Exercise aim: Use the entries below and reproduce exactly the lines from the one containing "Absolutely nothing to" down to the one containing "프레온 대체물질로 HCFC( Hydrochlorofluorocarbon)가", both of them included.

Records supplied:
BEGIN

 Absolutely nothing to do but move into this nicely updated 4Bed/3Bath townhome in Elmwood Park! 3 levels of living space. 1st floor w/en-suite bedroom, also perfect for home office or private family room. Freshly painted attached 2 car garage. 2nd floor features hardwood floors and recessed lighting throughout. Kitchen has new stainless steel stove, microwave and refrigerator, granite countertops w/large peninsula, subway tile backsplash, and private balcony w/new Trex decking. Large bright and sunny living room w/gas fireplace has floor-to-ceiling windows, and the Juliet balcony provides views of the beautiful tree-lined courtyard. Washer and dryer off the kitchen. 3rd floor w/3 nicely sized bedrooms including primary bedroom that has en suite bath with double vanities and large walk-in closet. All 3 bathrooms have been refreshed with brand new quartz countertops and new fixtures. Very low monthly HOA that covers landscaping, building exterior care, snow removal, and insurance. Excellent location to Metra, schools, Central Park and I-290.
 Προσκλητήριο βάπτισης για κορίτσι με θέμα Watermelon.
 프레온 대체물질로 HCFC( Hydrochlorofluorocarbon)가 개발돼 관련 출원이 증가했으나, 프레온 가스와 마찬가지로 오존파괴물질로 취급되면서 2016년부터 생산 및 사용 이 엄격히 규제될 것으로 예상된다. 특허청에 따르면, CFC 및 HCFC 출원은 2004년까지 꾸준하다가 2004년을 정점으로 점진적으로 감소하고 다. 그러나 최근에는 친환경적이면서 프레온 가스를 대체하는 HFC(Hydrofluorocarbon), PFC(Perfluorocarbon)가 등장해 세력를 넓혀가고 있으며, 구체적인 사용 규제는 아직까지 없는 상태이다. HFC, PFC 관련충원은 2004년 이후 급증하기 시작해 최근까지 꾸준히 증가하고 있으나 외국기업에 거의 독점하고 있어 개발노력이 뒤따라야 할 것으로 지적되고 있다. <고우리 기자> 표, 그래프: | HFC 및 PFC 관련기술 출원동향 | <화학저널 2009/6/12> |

END
BEGIN

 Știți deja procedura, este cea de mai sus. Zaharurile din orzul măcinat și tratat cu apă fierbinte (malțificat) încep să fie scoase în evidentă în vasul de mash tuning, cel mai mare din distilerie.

END
BEGIN

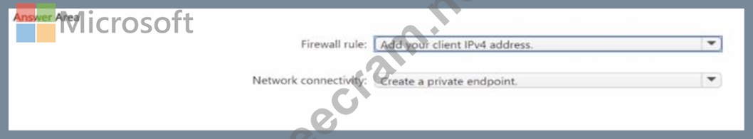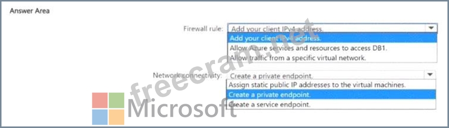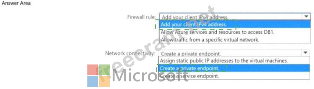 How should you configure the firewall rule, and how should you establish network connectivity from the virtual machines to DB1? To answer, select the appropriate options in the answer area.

END

Problem solution:
 Absolutely nothing to do but move into this nicely updated 4Bed/3Bath townhome in Elmwood Park! 3 levels of living space. 1st floor w/en-suite bedroom, also perfect for home office or private family room. Freshly painted attached 2 car garage. 2nd floor features hardwood floors and recessed lighting throughout. Kitchen has new stainless steel stove, microwave and refrigerator, granite countertops w/large peninsula, subway tile backsplash, and private balcony w/new Trex decking. Large bright and sunny living room w/gas fireplace has floor-to-ceiling windows, and the Juliet balcony provides views of the beautiful tree-lined courtyard. Washer and dryer off the kitchen. 3rd floor w/3 nicely sized bedrooms including primary bedroom that has en suite bath with double vanities and large walk-in closet. All 3 bathrooms have been refreshed with brand new quartz countertops and new fixtures. Very low monthly HOA that covers landscaping, building exterior care, snow removal, and insurance. Excellent location to Metra, schools, Central Park and I-290.
 Προσκλητήριο βάπτισης για κορίτσι με θέμα Watermelon.
 프레온 대체물질로 HCFC( Hydrochlorofluorocarbon)가 개발돼 관련 출원이 증가했으나, 프레온 가스와 마찬가지로 오존파괴물질로 취급되면서 2016년부터 생산 및 사용 이 엄격히 규제될 것으로 예상된다. 특허청에 따르면, CFC 및 HCFC 출원은 2004년까지 꾸준하다가 2004년을 정점으로 점진적으로 감소하고 다. 그러나 최근에는 친환경적이면서 프레온 가스를 대체하는 HFC(Hydrofluorocarbon), PFC(Perfluorocarbon)가 등장해 세력를 넓혀가고 있으며, 구체적인 사용 규제는 아직까지 없는 상태이다. HFC, PFC 관련충원은 2004년 이후 급증하기 시작해 최근까지 꾸준히 증가하고 있으나 외국기업에 거의 독점하고 있어 개발노력이 뒤따라야 할 것으로 지적되고 있다. <고우리 기자> 표, 그래프: | HFC 및 PFC 관련기술 출원동향 | <화학저널 2009/6/12> |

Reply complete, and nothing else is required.